I dunno. SLT doesn't say. It just tells us how the parameter prior to hypothesis prior conversion ratio works, and in the process shows us that neural networks priors can be at least somewhat sanely normalised for large numbers of parameters. More than we might have initially thought at least.
That's all though. It doesn't tell us anything else about what makes a Gaussian over transformer parameter configurations a good starting guess for how the universe works.
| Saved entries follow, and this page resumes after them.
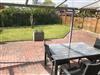 Komplett eingezäunter Garten mit überdachter Terrasse mit ausreichend Gartenmöbeln.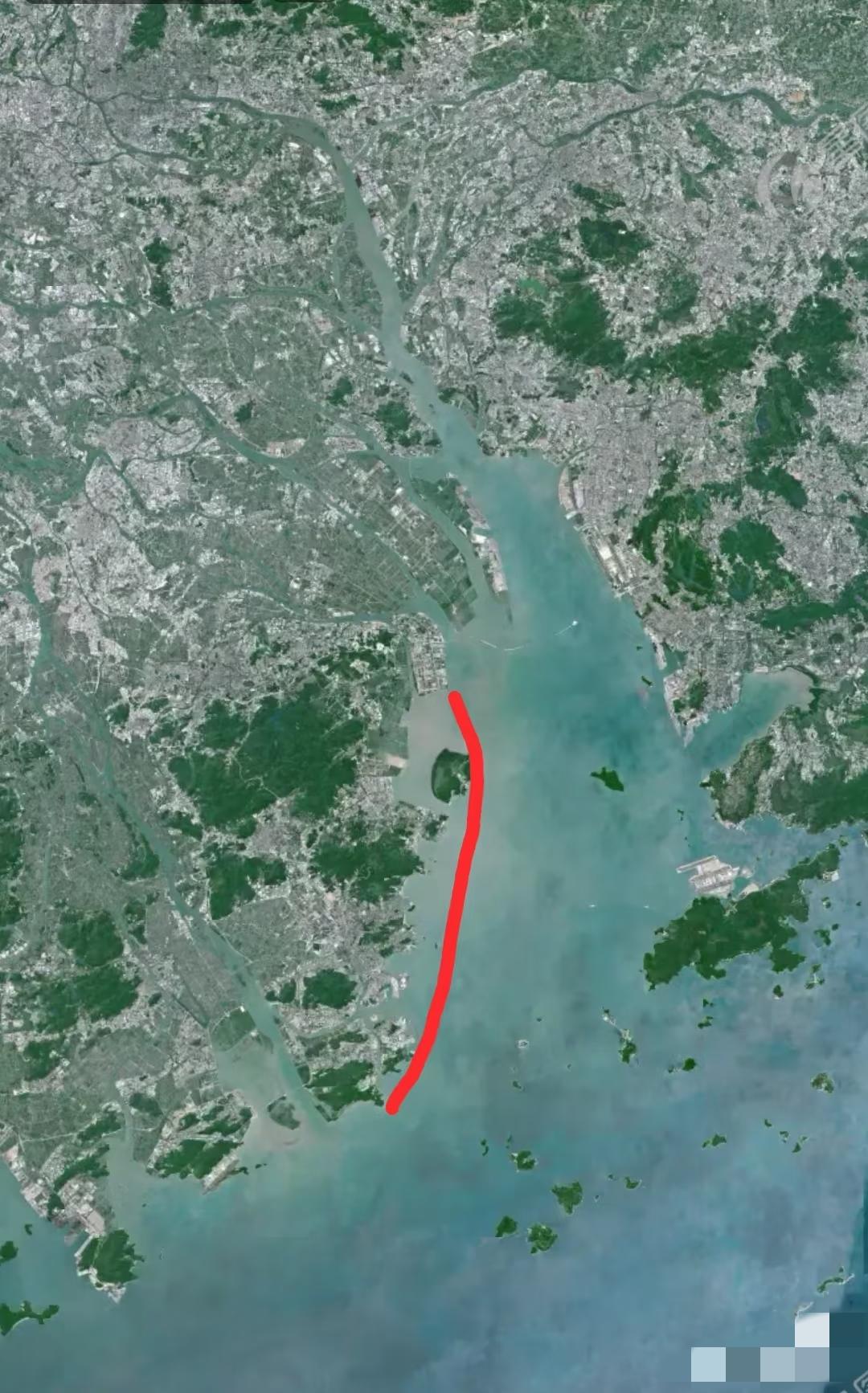 珠江出海口泥沙不断向西岸堆积,感觉红线西边区域以后会变成陆地[呲牙]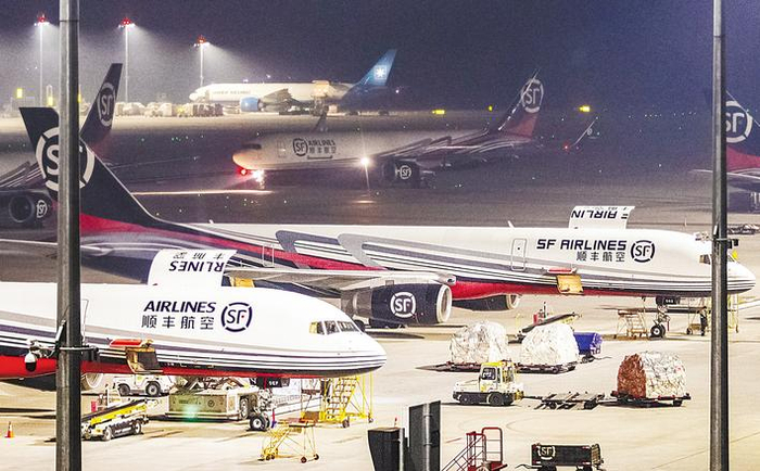 1月2日1时15分,花湖国际机场迎来新年首个工作日飞抵的首班全货机,6300余票货物在10分钟内被装卸完毕,由拖车运送至机场转运中心。(湖北日报全媒记者 薛婷 通讯员 王星予 摄)

How to make this story tighter?
If people aim to make further headway on the question of why some function fits generalise somewhat and others don't, beyond: 'Well, standard Bayesianism suggests you should at least normalise your prior so that having more hypotheses isn't actively bad', then I'd suggest a starting point might be to make a different derivation for the posterior on the fits that isn't trying to reason about p(M) defined as the probability that one of the function fits is 'true' in the sense of exactly predicting the data. Of course none of them are. We know that. When we fit a 150 billion parameter transformer to internet data, we don't expect going in that any of these 216×150×109 parameter configurations will give zero loss up to quantum noise on any and all text prediction tasks in the universe until the end of time. Under that definition of M, which the SLT derivation of the posterior and most other derivations of this sort I've seen seem to implicitly make, we basically have p(M)≈0 going in! Maybe look at the Bayesian posterior for a set of hypotheses we actually believe in at all before we even see any data, like M='one of these models might get <1.1 average loss on holdout data sets' .
SLT in three sentences
'You thought your choice of prior was broken because it's nor normalised right, and so goes to zero if you hand it too many hypotheses. But you missed that the way you count your hypotheses is also broken, and the two mistakes sort of cancel out. Also here's a bunch of algebraic geometry that sort of helps you figure out what probabilities your weirdo prior actually assigns to hypotheses, though that parts not really finished'.
SLT in one sentence
'Loss basins with bigger volume will have more posterior probability if you start with a uniform-ish prior over parameters, because then bigger volumes get more prior, duh.'
Sorta, kind of, arguably. There's some stuff left to work out here. For example vanilla SLT doesn't even actually tell you which parts of your posterior over parameters are part of the same hypothesis. It just sort of assumes that everything left with support in the posterior after training is part of the same hypothesis, even though some of these parameter settings might generalise totally differently outside the training data. My guess is that you can avoid matching this up by comparing equivalence over all possible inputs by checking which parameter settings give the same hidden representations over the training data, not just the same outputs.